我正在从我正在访问的网址获得此类响应,我需要解析它以获得所需的HTML。
this = ajax({“htmlInfo”:“SOME-HTML”,“otherInfo”:“Blah Blah”,“moreInfo”:“Bleh Bleh”})
如上所述,我有三个密钥对值,我需要从中获取“SOME-HTML”,我怎么能得到它,主要问题是“SOME-HTML”有转义字符。以下是将出现的响应类型。
\ u003Cdiv class = \ u0022container columns-2 \ u0022 \ u003E \ n \ n \ u003Csection class = \ u0022col-main \ u0022 \ u003E \ n \ r \ n \ u \ u003cdiv class = \ u0027visor-article-list list list -view-recent \ u0027 \ u \ n \ u003Cdiv class = \ u0027grid_item visor-article-teaser list_default \ u0027 \ u003E \ n \ u003Ca class = \ u0027grid_img \ u0027 href = \ u0027 / manUnited-is-the-best \ u0027 \ u003E \ n \ u003Cimg src = \ u0022http://www.xyz.com/sites//files/styles/w400h22
任何人都可以在这方面帮助我。我不知道如何解决这个问题。
提前致谢。
答案 0 :(得分:1)
最简单的方法是提取JSON,然后将其解组为结构。 \uXXXX
部分是unicode字符
package main
import (
"encoding/json"
"fmt"
"regexp"
)
// Data follows the structure of the JSON data in the response
type Data struct {
HTMLInfo string `json:"htmlInfo"`
OtherInfo string `json:"otherInfo"`
MoreInfo string `json:"moreInfo"`
}
func main() {
// input is an example of the raw response data. It's probably a []byte if
// you got it from ioutil.ReadAll(resp.Body)
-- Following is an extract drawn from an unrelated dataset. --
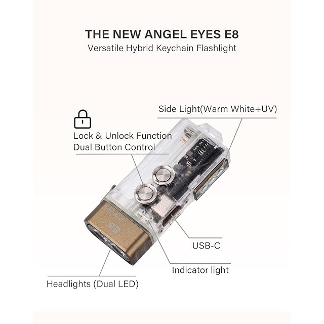 E8 多機能懐中電灯 365nm UV LED は紙幣を照らすことができます <br>デュアルバッテリー ハイブリッド バッテリー システムを使用し、内蔵の 330mAh リチウムイオン バッテリーまたは AAA を搭載E8 は単 4 電池を使用して。<br>ヘッドライトは90+高演色4000Kダブルランプビーズで、Eシリーズフラッシュライトをベースにサイドライト(白色光モード+UVモード)を追加しました。 <br>コンパクトサイズ、軽量ボディで日常からアウトドアまで活躍します。 EDC愛好家により実用的で創造的な懐中電灯を提供することに尽力しています。<br>4000K ウォーム ホワイト 95 CRI LED <br>補助エミッタ: ウォーム ホワイト/UV<br>防水: IPX6 <br>寸法: 66.1 mm /2.6"(L)*27.5mm/1.08"(W)*13.5mm/0.53"(H) 重量: 41g <br>付属品: 取扱説明書*1、キーリング(Lサイズ)*1。キーホルダーリング(Sサイズ)×1、ポケットクリップ×1、書×1<br><br>操作<br>ボタン1(フロントLED用) <br>1.ロック: オフから 4 回以上クリックすると、青色のライトが 3 秒間点滅します。<br>2.ロック解除:ロックモードからすばやく 4 回以上タップすると、緑色のライトが 2 秒間点滅します。<br>3. Moonlight: クリックして閉じ、もう一度クリックして閉じます <br>4.瞬時にオン: 押して離すとオフ <br>5.メモリ モードをオンにします。すばやくダブルクリックしてから、クリックして低輝度 - 中速 - 高輝度 - ハイライトを繰り返します <br>6.電源オフ: 0.5 秒間長押し <br>7.ストロボ: オフまたはヘッドライトの動作 (ムーンライト モードを除く) から 3 回クリックしてから、1 回クリックしてオフにします。 <br><br>ボタン 2 (サイド補助 LED 用) <br>1.クローズから、クリックして白い低モードから開き、次にクリックして低から高のサイクルにし、0.5 秒間長押しして閉じます。 <br>2.オフまたはサイドライトオンから、すばやくダブルクリックして UV モードをオンにし、0.5 秒押してオフにします。 <br>オフまたはサイドライトオンから、すばやくダブルクリックしてUVモードをオンにし、0.5秒押してオフにします。 <br>*シャットダウンは、最後に使用されたモードを記憶します。 <br>**このボタンは、別のボタンが使用中の場合は機能しません。

input := []byte(`this=ajax({"htmlInfo":"\u003Cdiv class=\u0022container columns-2\u0022\u003E\n\n \u003Csection class=\u0022col-main\u0022\u003E\n \r\n\u003Cdiv class=\u0027visor-article-list list list-view-recent\u0027 \u003E\r\n\u003Cdiv class=\u0027grid_item visor-article-teaser list_default\u0027 \u003E\n \u003Ca class=\u0027grid_img\u0027 href=\u0027/manUnited-is-the-best\u0027\u003E\n \u003Cimg src=\u0022http://example.com/sites//files/styles/w400h22", "otherInfo": "Blah Blah", "moreInfo": "Bleh Bleh"})`)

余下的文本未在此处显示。